Merge#

The merge transform is responsible for 'merging' elements into larger 'chunks'. This is also known as 'chunking.'

The merge transform takes a single argument -- the merger, which contains the logic defining which elements to merge and how to merge them. The available mergers are listed below. More information can be found in the API documentation

Greedy Text Element Merger#

The GreedyTextElementMerger takes a tokenizer and a token limit, and merges elements together, greedily, until the combined element will overflow the token limit, at which point the merger starts work on a new merged element.

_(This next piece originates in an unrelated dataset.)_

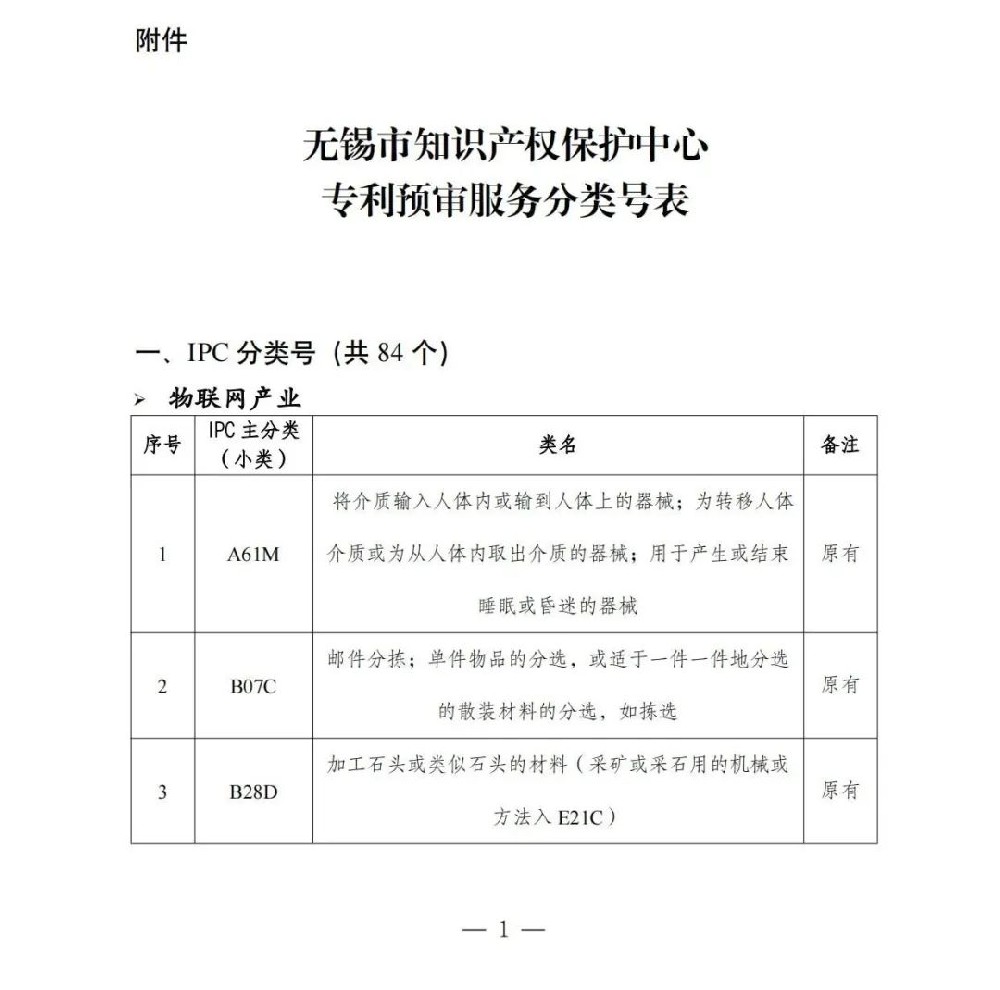 经国家知识产权局核定,无锡市知识产权保护中心专利预审服务分类号新增5个国际专利分类(IPC)(见附件)。

If an element is already too big, the GreedyTextElementMerger will leave it alone.

For example, using a CharacterTokenizer with max_tokens=4, you would have the following behavior:

A BC D EF GHI J KLMNO -> ABCD EF GHIJ KLMNO

To add this to a script:

merger = GreedyTextElementMerger(tokenizer=HuggingFaceTokenizer("sentence-transformers/all-MiniLM-L6-v2"), max_tokens=512)
merged_docset = docset.merge(merger=merger)

Greedy Section Merger#

The GreedySectionMerger groups together different elements in a Document according to three rules. All rules are subject to the max_tokens limit and merge_across_pages flag.

  • It merges adjacent text elements.

  • It merges an adjacent Section-header and an image. The new element type is called Section-header+image.

  • It merges an Image and subsequent adjacent text elements.

Use it in much the same way as the text element merger:

merger = GreedySectionMerger(tokenizer=HuggingFaceTokenizer("sentence-transformers/all-MiniLM-L6-v2"), max_tokens=512)
merged_docset = docset.merge(merger=merger)

Marked Merger#

The MarkedMerger merges elements by referencing "marks" placed on the elements by the transforms here and here. The marks are "_break" and "_drop". The MarkedMerger will merge elements until it hits a "_break" mark, whereupon it will start a new element. It handles elements marked with "_drop" by, well, dropping them entirely. This merger is useful when you have many rules to apply to how you want to chunk your document.

We have found that the MarkedMerger is best used with the DocSet method docset.mark_bbox_preset, which applies a pre-defined series of marking transforms.

marked_ds = docset.mark_bbox_preset(tokenizer=HuggingFaceTokenizer("sentence-transformers/all-MiniLM-L6-v2"), token_limit=512)
merged_ds = marked_ds.merge(merger=MarkedMerger())